Creates a new path mapping backend based on a provided manifest,
which is a mapping from file paths (relative to where the mapfs is
mounted) to absolute file paths This is useful if your C program
expects files at certain locations, but might not handle symlinks
properly. It can also be combined with e.g. fetchfs, in case your
web server has files at several different paths but the C program
wants to see all the files within one directory. The manifest can
be built using wasmfs_map_create_manifest and
wasmfs_map_add_to_manifest. When the mapfs is mounted, directories
and files corresponding to the manifest entries will be
automatically created.

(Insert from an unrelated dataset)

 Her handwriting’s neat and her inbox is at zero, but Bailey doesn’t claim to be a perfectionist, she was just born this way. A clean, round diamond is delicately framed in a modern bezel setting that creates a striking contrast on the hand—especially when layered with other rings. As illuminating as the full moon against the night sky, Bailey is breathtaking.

Importantly, only individual files can be
mapped through mapfs, not whole directories---a manifest can't map
one directory to another, just one file to another.

For example, a manifest like {'test.txt':'/resources/file.txt'}
mounted at /dat (using either wasmfs_mount or
wasmfs_create_directory) will let you write open("/dat/test.txt", O_RDONLY).

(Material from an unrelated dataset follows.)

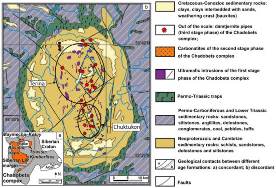 The Chadobets alkaline complex of UMLs and carbonatites is located in the southern part of the Siberian Craton (Figure 1). Tectonically, it is confined to the large positive structure of the platform that is represented by the Chadobets dome-shaped uplift. The core of the uplift forms two protrusions, the northern Terina complex and southern Chuktukon complex, and is composed of carbonate–terrigenous Precambrian and early Cambrian sediments [13,30,33,34,35,36].

If you have a fetchfs at /fetch/ pointed to server.com and map files from /path/whatever to /fetch/url/path/file, your C code can access /path/whatever in order to lazily fetch the file at server.com/url/path/file. I can also see it being useful for OPFS, in case the OPFS file hierarchy is not what your C code wants for whatever reason.

Copy link
Member

@kripken kripken left a comment

Choose a reason for hiding this comment

The reason will be displayed to describe this comment to others. Learn more.

Looks promising! Some initial comments.

$MAPFS__deps: ['$stringToUTF8OnStack', 'wasmfs_create_map_backend', 'wasmfs_map_create_manifest', 'wasmfs_map_add_to_manifest'],
$MAPFS: {
createBackend(opts) {
return withStackSave(() => {
Copy link
Member

Choose a reason for hiding this comment

The reason will be displayed to describe this comment to others. Learn more.

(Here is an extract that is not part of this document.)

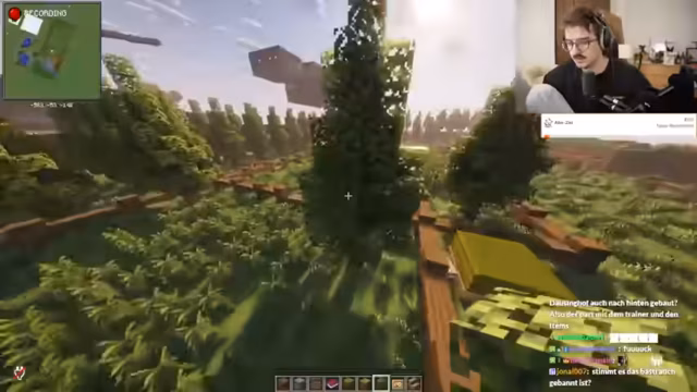 Der Spieler beginnt seine Minecraft-Frühschicht und widmet sich Bauprojekten wie dem fast fertigen Dowsinghof. Er überlegt, welche Farm ihn im Spiel 'geisteskrank OP' machen könnte, da eine neue Aufgabe ansteht. Parallel dazu werden im Chat vermeintliche Spieler-Bans und technische Fragen diskutiert. Er spekuliert über die Altersgruppe seiner Zuschauer, fragt nach schnellerer Bewegung unter Wasser und teilt seine Auswanderungsgedanken, wobei die Schweiz und Japan als Optionen genannt werden.

The withStackSave can be on the _wasmfs_map_add_to_manifest call. That will reuse the stack each time, allowing a lower stack size to work in more cases.

// University of Illinois/NCSA Open Source License. Both these licenses can be
// found in the LICENSE file.

// This file defines the fetch backend.
Copy link
Member

Choose a reason for hiding this comment

The reason will be displayed to describe this comment to others. Learn more.

Suggested change
// This file defines the fetch backend.
// This file defines the MAPFS backend.


namespace wasmfs {

typedef std::map<std::string,std::string> MapManifest;
Copy link
Member

Choose a reason for hiding this comment

The reason will be displayed to describe this comment to others. Learn more.

Suggested change
typedef std::map<std::string,std::string> MapManifest;
using MapManifest = std::map<std::string,std::string>;

(I believe this is more "modern" notation)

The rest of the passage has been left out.